Work to be completed: Reproduce, exactly, the lines of the material below from the line containing "Leírás: Waidbruck üvegkép, keretben, 27×22" through the line containing "Ribbons not included.", with both end lines included and nothing else.

Source information:
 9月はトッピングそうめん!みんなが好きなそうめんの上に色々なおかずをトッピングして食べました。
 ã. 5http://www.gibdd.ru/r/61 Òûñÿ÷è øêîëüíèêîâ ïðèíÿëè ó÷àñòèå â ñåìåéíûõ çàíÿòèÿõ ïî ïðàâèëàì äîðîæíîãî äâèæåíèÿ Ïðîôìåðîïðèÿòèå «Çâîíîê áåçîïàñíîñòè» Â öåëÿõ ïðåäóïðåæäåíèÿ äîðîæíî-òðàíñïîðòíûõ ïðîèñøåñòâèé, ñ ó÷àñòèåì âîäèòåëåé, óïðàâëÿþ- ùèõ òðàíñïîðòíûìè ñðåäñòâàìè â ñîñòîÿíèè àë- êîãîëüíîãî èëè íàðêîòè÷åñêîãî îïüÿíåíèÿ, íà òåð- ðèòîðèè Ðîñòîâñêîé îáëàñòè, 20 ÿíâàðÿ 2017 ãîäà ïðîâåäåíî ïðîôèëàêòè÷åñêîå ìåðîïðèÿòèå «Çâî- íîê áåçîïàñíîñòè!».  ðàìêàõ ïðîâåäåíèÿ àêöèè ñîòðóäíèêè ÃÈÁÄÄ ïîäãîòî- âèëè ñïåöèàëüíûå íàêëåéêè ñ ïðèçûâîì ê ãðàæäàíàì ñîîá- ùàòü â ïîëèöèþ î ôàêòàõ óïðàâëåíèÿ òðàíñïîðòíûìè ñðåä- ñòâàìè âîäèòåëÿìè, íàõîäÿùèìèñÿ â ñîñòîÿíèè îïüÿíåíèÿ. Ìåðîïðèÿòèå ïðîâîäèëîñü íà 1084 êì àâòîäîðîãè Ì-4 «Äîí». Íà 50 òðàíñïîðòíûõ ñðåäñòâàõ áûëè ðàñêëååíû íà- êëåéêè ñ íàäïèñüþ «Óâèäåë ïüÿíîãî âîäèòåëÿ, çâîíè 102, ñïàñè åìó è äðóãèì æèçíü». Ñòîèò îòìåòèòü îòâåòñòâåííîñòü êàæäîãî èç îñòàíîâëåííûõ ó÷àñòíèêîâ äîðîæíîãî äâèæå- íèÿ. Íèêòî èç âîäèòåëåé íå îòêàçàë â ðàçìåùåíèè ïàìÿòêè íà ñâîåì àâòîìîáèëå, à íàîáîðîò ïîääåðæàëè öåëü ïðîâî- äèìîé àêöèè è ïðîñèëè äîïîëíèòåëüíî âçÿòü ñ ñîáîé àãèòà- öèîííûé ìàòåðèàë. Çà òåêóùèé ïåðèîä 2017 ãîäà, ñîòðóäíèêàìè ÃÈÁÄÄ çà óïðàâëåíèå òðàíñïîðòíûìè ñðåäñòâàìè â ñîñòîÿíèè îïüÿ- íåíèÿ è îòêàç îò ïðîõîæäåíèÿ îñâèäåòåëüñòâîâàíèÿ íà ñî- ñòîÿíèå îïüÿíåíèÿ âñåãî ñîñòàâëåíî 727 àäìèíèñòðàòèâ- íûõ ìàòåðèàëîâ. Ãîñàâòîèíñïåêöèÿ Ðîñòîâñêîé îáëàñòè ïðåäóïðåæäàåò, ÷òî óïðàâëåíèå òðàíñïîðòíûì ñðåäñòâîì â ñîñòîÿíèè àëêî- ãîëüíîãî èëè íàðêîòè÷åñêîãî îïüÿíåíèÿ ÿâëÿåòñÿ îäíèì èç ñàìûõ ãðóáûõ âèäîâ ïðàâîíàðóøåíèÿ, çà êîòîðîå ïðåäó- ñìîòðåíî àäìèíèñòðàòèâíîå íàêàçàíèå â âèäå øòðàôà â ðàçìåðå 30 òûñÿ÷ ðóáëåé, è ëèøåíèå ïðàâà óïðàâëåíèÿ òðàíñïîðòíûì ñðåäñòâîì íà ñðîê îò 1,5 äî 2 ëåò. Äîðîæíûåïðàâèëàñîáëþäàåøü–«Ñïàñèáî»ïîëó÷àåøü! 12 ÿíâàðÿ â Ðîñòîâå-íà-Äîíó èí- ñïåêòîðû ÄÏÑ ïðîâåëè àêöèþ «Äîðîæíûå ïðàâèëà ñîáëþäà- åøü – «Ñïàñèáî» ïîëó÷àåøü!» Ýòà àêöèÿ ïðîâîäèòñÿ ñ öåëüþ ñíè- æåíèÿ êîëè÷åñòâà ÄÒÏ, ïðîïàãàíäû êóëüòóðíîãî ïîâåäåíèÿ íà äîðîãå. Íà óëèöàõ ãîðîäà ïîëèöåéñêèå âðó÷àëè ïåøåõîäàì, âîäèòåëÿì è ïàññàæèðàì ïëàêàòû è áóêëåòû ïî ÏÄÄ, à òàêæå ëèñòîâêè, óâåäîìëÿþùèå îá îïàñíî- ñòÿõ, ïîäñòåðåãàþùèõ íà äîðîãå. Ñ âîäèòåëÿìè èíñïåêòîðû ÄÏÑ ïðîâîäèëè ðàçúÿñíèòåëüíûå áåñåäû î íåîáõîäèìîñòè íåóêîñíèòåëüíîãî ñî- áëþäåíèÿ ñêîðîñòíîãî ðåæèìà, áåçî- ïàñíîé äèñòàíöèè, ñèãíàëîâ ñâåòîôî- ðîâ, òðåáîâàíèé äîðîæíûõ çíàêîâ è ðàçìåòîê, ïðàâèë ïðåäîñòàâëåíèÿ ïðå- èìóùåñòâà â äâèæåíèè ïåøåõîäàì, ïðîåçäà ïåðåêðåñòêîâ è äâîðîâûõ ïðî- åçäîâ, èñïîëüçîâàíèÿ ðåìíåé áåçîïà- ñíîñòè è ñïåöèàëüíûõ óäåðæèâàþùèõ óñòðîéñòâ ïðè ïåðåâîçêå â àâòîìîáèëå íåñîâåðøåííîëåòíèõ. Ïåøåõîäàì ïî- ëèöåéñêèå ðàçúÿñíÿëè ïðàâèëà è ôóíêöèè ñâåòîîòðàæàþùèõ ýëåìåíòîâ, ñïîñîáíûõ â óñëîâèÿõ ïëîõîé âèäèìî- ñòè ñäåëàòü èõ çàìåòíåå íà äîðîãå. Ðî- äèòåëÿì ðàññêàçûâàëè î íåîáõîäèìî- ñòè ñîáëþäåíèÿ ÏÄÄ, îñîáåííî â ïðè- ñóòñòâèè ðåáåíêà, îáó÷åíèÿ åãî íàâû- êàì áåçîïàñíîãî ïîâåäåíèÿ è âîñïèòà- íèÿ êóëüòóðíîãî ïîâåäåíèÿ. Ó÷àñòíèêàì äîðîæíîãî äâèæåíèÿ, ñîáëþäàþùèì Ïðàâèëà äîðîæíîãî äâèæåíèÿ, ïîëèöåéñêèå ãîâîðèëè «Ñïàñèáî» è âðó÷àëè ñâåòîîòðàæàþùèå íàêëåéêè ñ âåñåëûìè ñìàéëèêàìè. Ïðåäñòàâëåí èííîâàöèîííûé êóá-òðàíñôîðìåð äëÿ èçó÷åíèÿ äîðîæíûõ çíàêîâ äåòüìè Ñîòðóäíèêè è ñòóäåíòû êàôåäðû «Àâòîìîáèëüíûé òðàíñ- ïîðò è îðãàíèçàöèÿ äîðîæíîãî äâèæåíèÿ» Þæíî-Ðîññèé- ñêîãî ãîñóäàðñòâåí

--

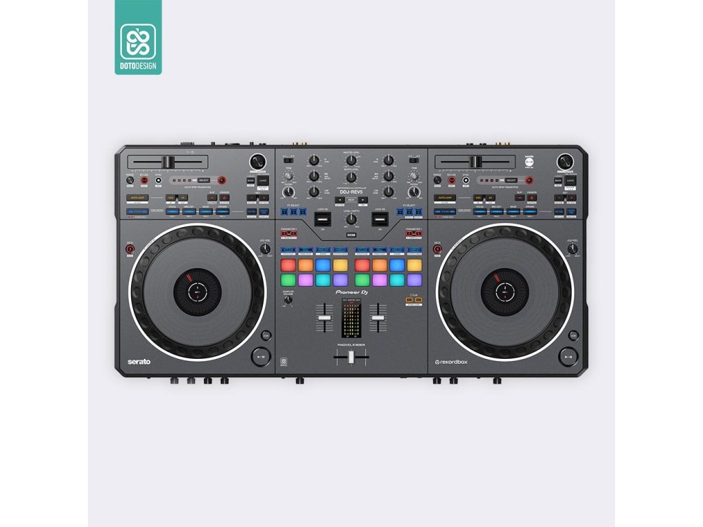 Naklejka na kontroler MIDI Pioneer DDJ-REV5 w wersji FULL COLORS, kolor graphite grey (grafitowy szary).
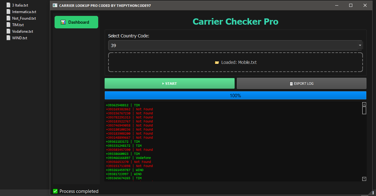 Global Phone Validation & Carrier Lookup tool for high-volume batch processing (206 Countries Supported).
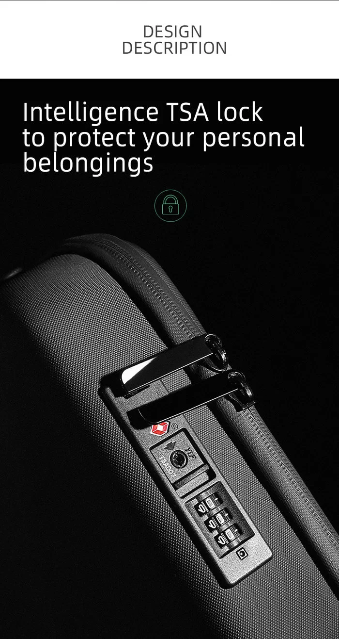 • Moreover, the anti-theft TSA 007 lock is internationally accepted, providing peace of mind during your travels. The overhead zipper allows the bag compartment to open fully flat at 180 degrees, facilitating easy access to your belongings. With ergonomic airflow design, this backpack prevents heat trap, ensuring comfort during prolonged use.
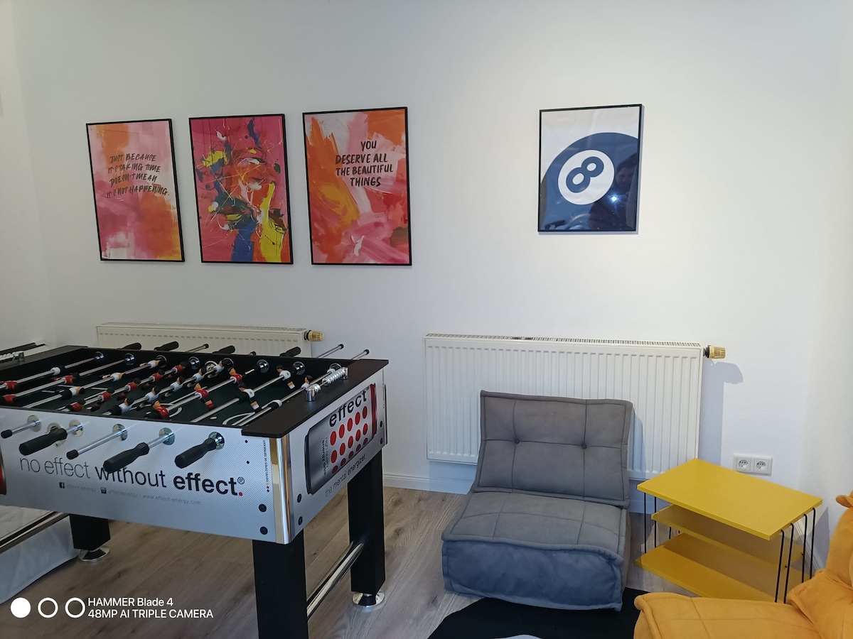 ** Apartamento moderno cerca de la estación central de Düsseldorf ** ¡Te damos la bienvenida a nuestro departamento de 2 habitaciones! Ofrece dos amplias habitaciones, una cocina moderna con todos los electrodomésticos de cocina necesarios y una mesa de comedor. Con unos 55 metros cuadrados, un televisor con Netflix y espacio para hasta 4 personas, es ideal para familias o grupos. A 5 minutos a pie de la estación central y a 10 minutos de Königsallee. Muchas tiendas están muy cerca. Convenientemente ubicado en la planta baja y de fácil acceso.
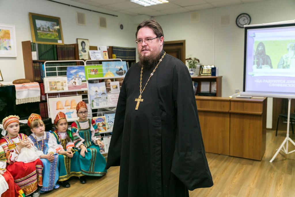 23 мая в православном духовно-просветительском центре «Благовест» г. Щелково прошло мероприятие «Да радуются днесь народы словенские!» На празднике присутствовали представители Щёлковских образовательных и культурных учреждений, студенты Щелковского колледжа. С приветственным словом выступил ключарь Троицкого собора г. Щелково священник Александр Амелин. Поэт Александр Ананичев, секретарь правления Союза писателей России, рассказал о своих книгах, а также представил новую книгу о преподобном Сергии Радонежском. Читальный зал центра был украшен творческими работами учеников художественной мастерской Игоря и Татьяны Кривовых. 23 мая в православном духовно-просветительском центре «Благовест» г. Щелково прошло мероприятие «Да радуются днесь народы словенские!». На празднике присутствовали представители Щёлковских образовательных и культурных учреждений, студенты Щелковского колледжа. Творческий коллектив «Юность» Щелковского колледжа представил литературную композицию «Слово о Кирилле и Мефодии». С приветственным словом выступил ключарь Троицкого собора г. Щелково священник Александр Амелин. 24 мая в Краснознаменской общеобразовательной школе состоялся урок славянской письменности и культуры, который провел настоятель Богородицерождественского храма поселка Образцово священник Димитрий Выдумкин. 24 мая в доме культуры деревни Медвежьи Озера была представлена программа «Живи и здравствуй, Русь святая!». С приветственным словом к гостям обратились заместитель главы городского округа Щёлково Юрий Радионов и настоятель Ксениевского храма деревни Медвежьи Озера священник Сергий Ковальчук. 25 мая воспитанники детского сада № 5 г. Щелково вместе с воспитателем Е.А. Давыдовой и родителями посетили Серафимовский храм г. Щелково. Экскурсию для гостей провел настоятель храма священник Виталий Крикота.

* * *

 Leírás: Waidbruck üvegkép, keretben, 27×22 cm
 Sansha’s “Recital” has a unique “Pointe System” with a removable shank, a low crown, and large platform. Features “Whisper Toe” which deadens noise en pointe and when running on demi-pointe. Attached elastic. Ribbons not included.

Expected output:
 Leírás: Waidbruck üvegkép, keretben, 27×22 cm
 Sansha’s “Recital” has a unique “Pointe System” with a removable shank, a low crown, and large platform. Features “Whisper Toe” which deadens noise en pointe and when running on demi-pointe. Attached elastic. Ribbons not included.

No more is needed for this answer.